Oil Continues to Fall, Flirts With $30 a Barrel

By Adam Hayes, CFA | January 12, 2016

The ongoing collapse in the price of oil continues today as the price of a barrel of West Texas Intermediate (WTI) crude continues to trade around $30.50 and traded as low as $30.12 earlier in the day.

The price of Brent crude now trades at around $30.70 a barrel. These levels are the lowest since 2003, and adjusting for inflation, $30 oil today is the equivalent of $22.74 oil 13 years ago, so in real terms we are at extraordinarily low prices.

Analysts at investment banks Morgan Stanley (MS) and Goldman Sachs Group (GS) see the price of oil tumbling to $20 before rebounding, with others pegging the low at $25.

Large Oil Companies Starting to Feel the Pain

Low oil prices are now beginning to hurt large oil companies, and not just impacting smaller drillers.

British Petroleum (BP) announced this morning that it would be laying off 4,000 jobs as it struggles to maintain profitability, and Royal Dutch Shell (RDS.A) laid off 7,500 workers throughout 2015.

Shares of BP are down 22% over the past twelve months and Royal Dutch is down more than 37%.

In fact many of the large oil producers have lost a good amount of their value over the past year: Exxon Mobil (XOM) -18.7%, Chevron (CVX) -24.4%, ConnocoPhillips (COP) -36.8%, and Hess (HES) -42.2%.

At the same time, those smaller drillers and shale oil companies are bleeding money and causing a string of bankruptcies and layoffs across that part of the energy sector. This has been rippling through to their lenders as bond payments default, hurting mainly regional banks at this point, but certainly not good news for large Wall Street firms as well.
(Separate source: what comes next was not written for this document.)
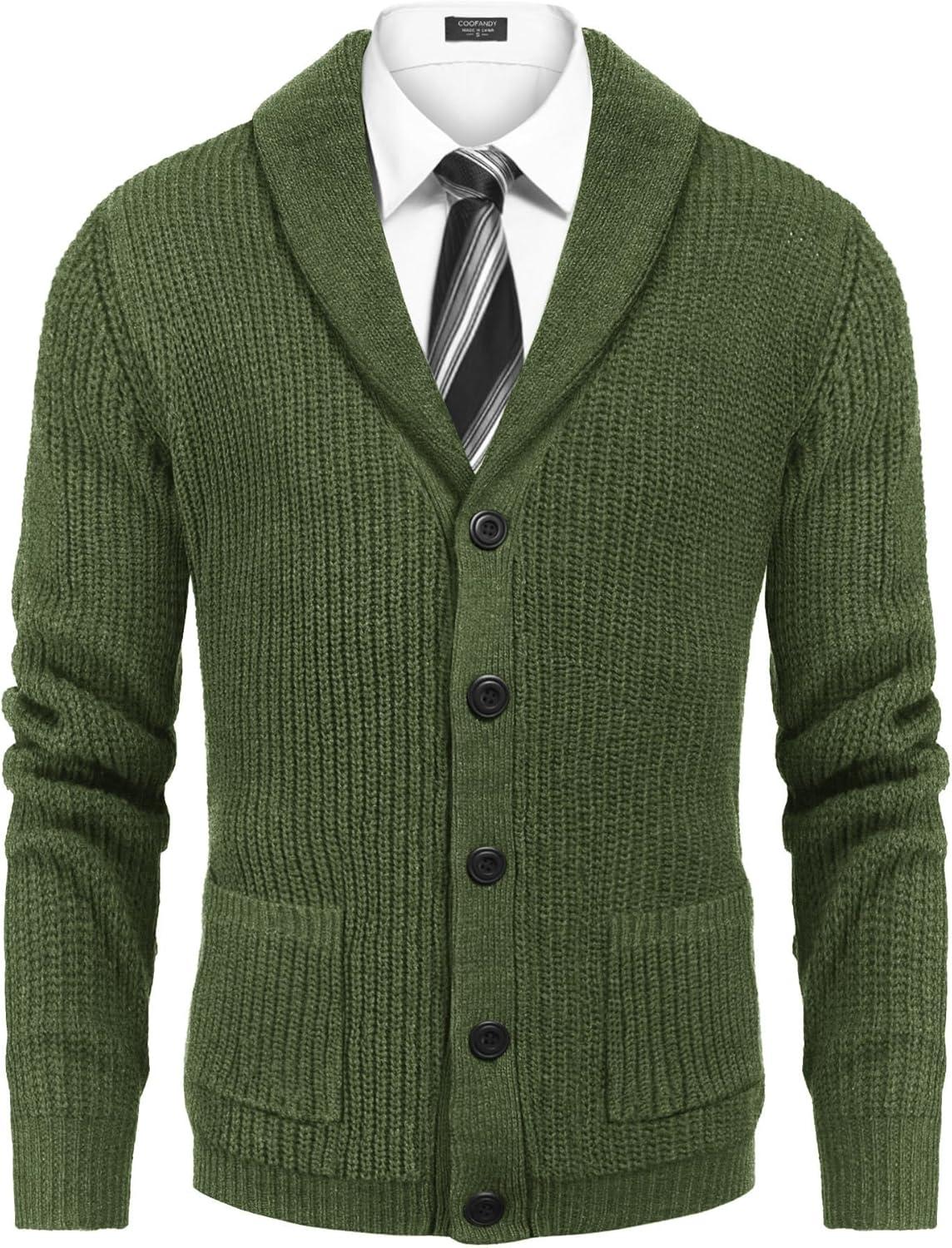 COOFANDY Men’s Shawl Collar Cardigan Sweater Slim Fit Cable Knit Button up Sweater with Pockets(Army Green)

Sovereign nations who rely on oil exports as a large part of their economic activity are also being hurt, including Russia, Saudi Arabia, and Venezuela.

The Bottom Line

With no end in sight to the decline in oil prices, large oil companies are beginning to take action by laying off workers in order to maintain profitability.

With the price of a barrel approaching $30, and some analysts predicting a further decline to $25 or even $20, the pain being experienced by the energy sector and by sovereign nations who rely on oil exports may be getting worse.